Reviewed by Ian Lipke
It’s an unusual opening to say the least. Auguste Duchene, former schoolteacher and proud Frenchman, in Paris in 1944, searching for and finding a missing baby, a German baby, offspring of a senior Nazi. It turns out that Duchene has found a means of survival, for he finds both French and German people who have dropped out of sight.
But this is 1944 and the Resistance pays a visit. A priest is missing and with him has disappeared a cache of weapons, meant for use against the Nazis. Auguste’s daughter Marienne is living openly with a Nazi lieutenant and takes exception to her father’s warning that the German will leave and she will be called to face the wrath of Parisians when the war ends. Now, the Resistance threatens her life if Auguste does not, within forty-eight hours, find both weapons and priest. He cannot refuse.
Having begun his quest, Auguste is called to account for his searching. He is interrogated by Major Faber and allocated the task of finding a missing German soldier. Before long, the Gestapo question him and he is instructed to report to them before advising Major Frank of his findings. This outline is expanded with some careful dialogue with both Germans and Resistance, some fiery interchanges with his daughter, and muted discussion with the missing priest’s housekeeper.
The success of the novel rests with the depiction of Auguste Duchene. That Philippe, a seasoned leader of the Resistance and Armand a murderous thug, are presented as realistic characters has little impact beside the main character, Auguste. That Lucien and Guillaume have agendas of their own means little beside the force of Auguste. Marienne is foolish and could have been left to suffer – except in Auguste Duchene’s universe.

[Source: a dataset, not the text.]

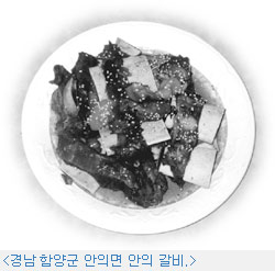 사대부집 교자상과 궁중 수라상에 오른 왕갈비찜은 경남 함양군 안의가 유명하다. 안의에는 소가 누워 있는 형상이라 하여 「쇠부리」라는 이름을 가진 마을이 있고, 관북마을 들 한켠에는 전국에서 유일하게 白丁(백정)의 효자비석이 세워져 있다. 백정 하면 천민 중에 천민으로, 조선시대에 백정의 효자비가 세워졌다는 것은 파격적이다.

Duchene represents what we hope to believe in when the blizzards of war batter our lives. He holds firm in the face of aggression, and meets inhuman demands with actions that grow out of a creed in which his very soul is steeped. Decency, human dignity, and a sense of right and wrong, of honest and fair dealing, together with an insatiable desire to find things others cannot, are the parameters within which he lives. Close friends fail him but his quick wits keep him safe. Courage, he holds, in the face of extreme danger.
Female characters, such as Duchene’s lover Camille, suffer the effects of the Nazi occupation in diverse ways. Each response is appropriate to its make-up. Marienne is the flighty twenty-two-year-old who cannot forgive her mother for leaving her husband and child to fight in the Spanish Civil war. Camille, aware that the Roman Catholic Auguste feels he cannot forsake his absent wife, remains available for those few times when Auguste requires the warmth of a woman’s body and her strength. The women of Paris show their cruelty with collaborators’ hair being shorn to signify disgrace, just as the Parisian women vented their wrath on the aristocrats caught up in the French Revolution.
This is a satisfying work and can be expected to supply hours of pleasant reading.